The day I learned I was a racist.

AuthorMcLaurin, Melton A.
PositionExcerpt from Separate Pasts: Growing Up White in the Segregated South

The Day I Learned I Was a Racist

His name was James Robert Fuller Jr., but everyone called him Bobo. He was a year younger than I, and I had known him all my life. He lived in a small white frame house in the black neighborhood behind Granddaddy's store. There seemed to be nothing unusual or special about Bobo; he was just another black boy. But Bobo, a child I often looked down upon because of his blackness and his poverty, showed me the emotional power that racial prejudice and segregation held over whites as well as blacks.

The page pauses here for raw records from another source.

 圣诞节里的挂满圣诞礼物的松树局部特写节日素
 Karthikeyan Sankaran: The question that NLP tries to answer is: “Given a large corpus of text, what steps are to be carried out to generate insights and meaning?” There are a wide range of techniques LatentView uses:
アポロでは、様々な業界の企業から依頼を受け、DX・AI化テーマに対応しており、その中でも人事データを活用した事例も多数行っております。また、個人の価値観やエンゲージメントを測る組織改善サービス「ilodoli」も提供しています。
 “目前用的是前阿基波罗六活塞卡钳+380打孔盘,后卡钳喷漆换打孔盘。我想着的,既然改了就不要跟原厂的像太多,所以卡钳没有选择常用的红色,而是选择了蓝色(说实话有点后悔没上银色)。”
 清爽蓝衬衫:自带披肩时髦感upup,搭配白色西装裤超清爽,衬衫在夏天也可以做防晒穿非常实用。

We grew up in Wade, North Carolina, a village of about 1,000 people, during the 1940s and 1950s, when rumblings of racial prejudice were in the air, but before the tumultuous civil rights struggles of the 1960s. The village was located in the heart of southeastern North Carolina's cotton and tobacco country. Coming of age there, I was well-versed in racist dogma, having been instructed from birth in the ideology and etiquette of segregation. In 1953, Wade was almost a perfect microcosm of the rural and small town segregated South. The social patterns of the village had emerged after Reconstruction, had been refined by the turn of the century, and had not changed much since. The Wade of 1953, I later learned, differed little from that of 1933, or for that matter, except for the presence of automobiles and electricity, from the Wade of 1893. It was unimaginable that mine would be the last generation to come of age in the segregated South and that the Wade I knew would soon collapse beneath the irresistible pressures brought to bear by the forces of social change.

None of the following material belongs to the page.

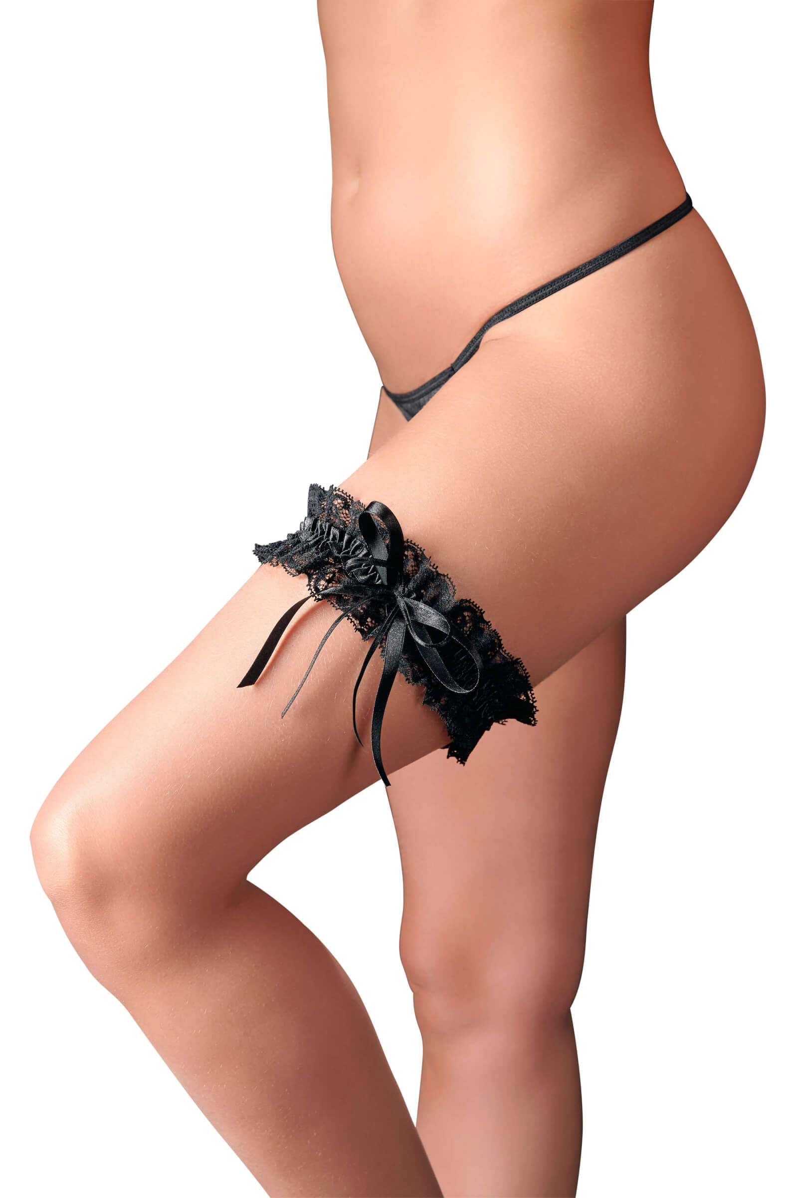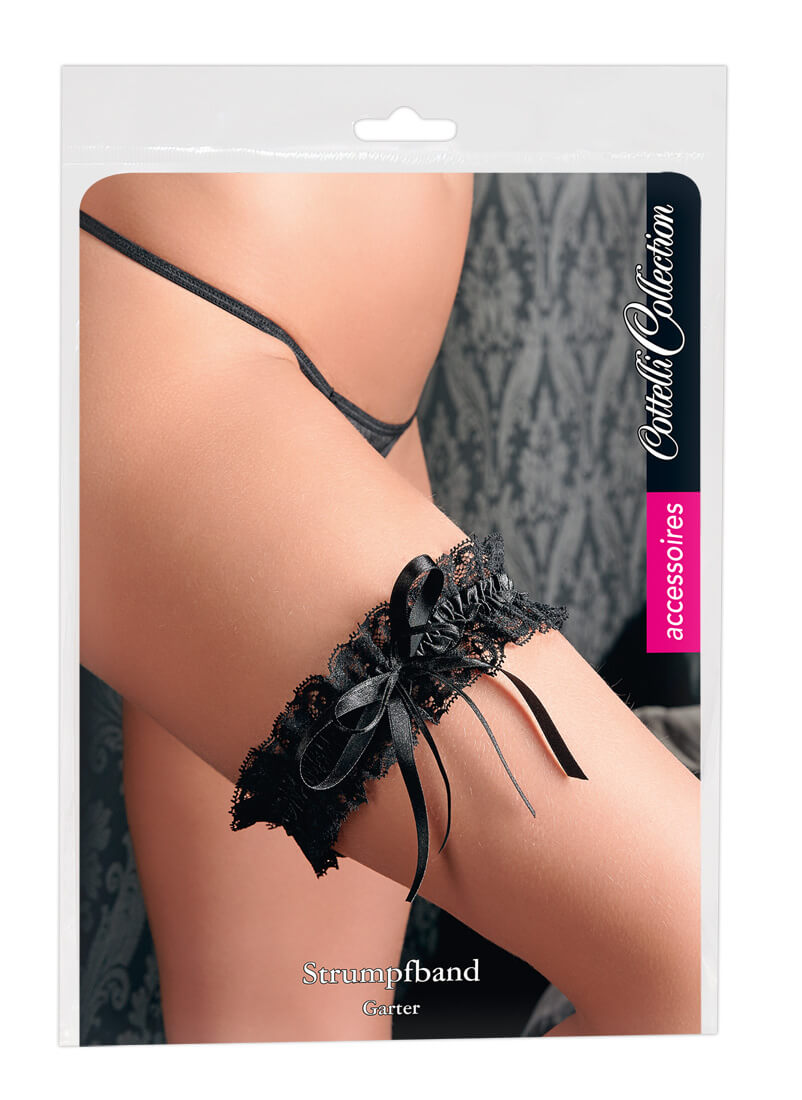 Jartieră din dantelă moale, elastică, cu volane, decorată în mijloc cu panglică neagră din satin. Mărime: S-L (uniformă). 90% poliester, 10% elastan.

I knew Bobo's entire family. James Robert, his father, was a huge man, nearly six-and-a-half feet tall, who appeared even taller to a 13-year-old white boy. He had the physique of many fine athletes--long, thickly muscled arms, long legs sweeping upward to a short waist, above which rested a powerful, well-formed torso. James Robert drove a truck for the Tart Lumber Company, making short runs to scores of hamlets in eastern North Carolina and Virginia. He was a soft-spoken man with a gentle voice and blue-gray eyes. I remember him climbing down from his cab, his long legs stretching to meet the ground, and I recall the easy, loping strides that moved him away from the truck. I also remember him drunk, for like many of Wade's poor male residents, black and white, he turned to the bottle to escape his problems. At such times he was a sad figure even to a white youth: he was a giant to be pitied, his physical size somehow overwhelmed by the circumstances of his life, few of which he determined, and most of which he could not avoid.

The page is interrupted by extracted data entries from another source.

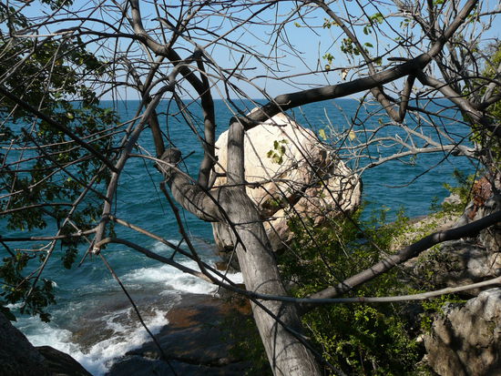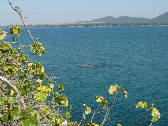 Mein Bootsvermittler ist pünktlich und hat neben dem Boot samt Bootsführer auch noch irgendeine Cousine im Schlepptau, die gerade zu Besuch ist. Wir fahren eine halbe Stunde zur "Lizard Island", einer Insel, die, glaube ich meinem Guide, geradezu atemberaubend große Echsen beherbergt. Sehr viele bekomme ich von diesen Exemplaren nicht zu Gesicht. Sie sind sehr schreckhaft und verkriechen sich bei der kleinsten Bodenerschütterung, ausgelöst von unseren Schritten, in Höhlen und unter Felsvorsprüngen. So bleiben vor allem ein nettes Rumgekraxel auf der Insel und ein traumhafter Blick auf die Küste.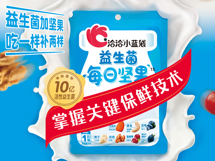 随着消费者对健康食品的格外关注,坚果类食品因营养丰富成了人们心目中理想的爆款零食,果博官网食品更是凭借着科技创新与新鲜品质一度领“鲜”坚果市场。当单一口味的坚果不能满足消费者需求,果博官网先后创新性地推出了“小黄袋每日坚果”、“小蓝袋益生菌每日坚果”等新品。
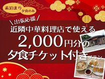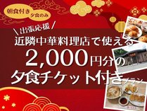 【出張応援】近隣中華料理店で使える2,000円分の夕食チケット付き|駐車場無料|夕食のみ

Bobo's mother was named Jeanette. Of her four children, Bobo was the oldest. Although Jeanette was still young, probably less than 30 when Bobo was 12, she, like most black women of the village, had few skills that the society valued. For women like Jeanette, who possessed little formal education, there was but one opportunity for employment: she "worked days' as a domestic, as did many of Wade's black women.

Jeanette was quiet, gentle, unobtrusive; all in all she seemed a terribly vulnerable figure. Yet she held her family together. She looked after James Robert, mothered her children, maintained the household, and brought home a supplemental income. When the family fell behind in its payments for the groceries purchased on credit from Granddaddy's store...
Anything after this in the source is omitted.